Give the data below again exactly as it stands. Omit the pictures.

* _INFORMATION SHOWN_
^^^^
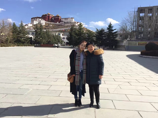 2017年1月,09屆宏志生諾吉·曲擁措姆(左一)去拉薩中學(xué)看望呂淑霞。曲擁措姆現(xiàn)為哈爾濱工業(yè)大學(xué)在職博士,在共青團(tuán)中央統(tǒng)戰(zhàn)部民族宗教處掛職。
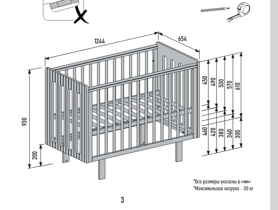 - Передний бортик легкосъемный и регулируемый по высоте.
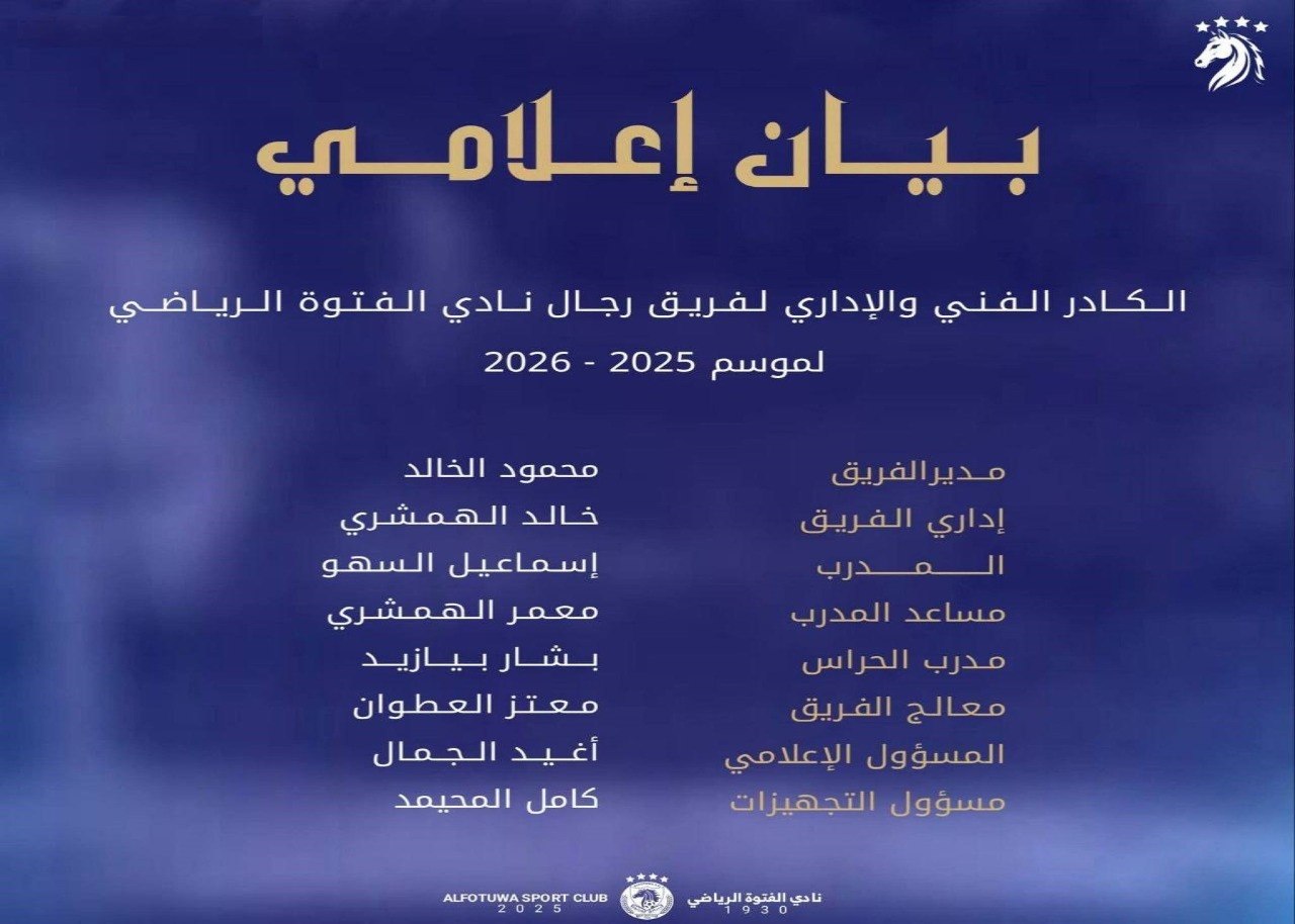 أصدرت إدارة نادي الفتوة الرياضي بيانا إعلاميا أعلنت خلاله عن تشكيل الكادر الفني والإداري لفريق رجال اانادي بكرة القدم
^^^^
* _ANSWER FOR THIS EXERCISE_
 2017年1月,09屆宏志生諾吉·曲擁措姆(左一)去拉薩中學(xué)看望呂淑霞。曲擁措姆現(xiàn)為哈爾濱工業(yè)大學(xué)在職博士,在共青團(tuán)中央統(tǒng)戰(zhàn)部民族宗教處掛職。
 - Передний бортик легкосъемный и регулируемый по высоте.
 أصدرت إدارة نادي الفتوة الرياضي بيانا إعلاميا أعلنت خلاله عن تشكيل الكادر الفني والإداري لفريق رجال اانادي بكرة القدم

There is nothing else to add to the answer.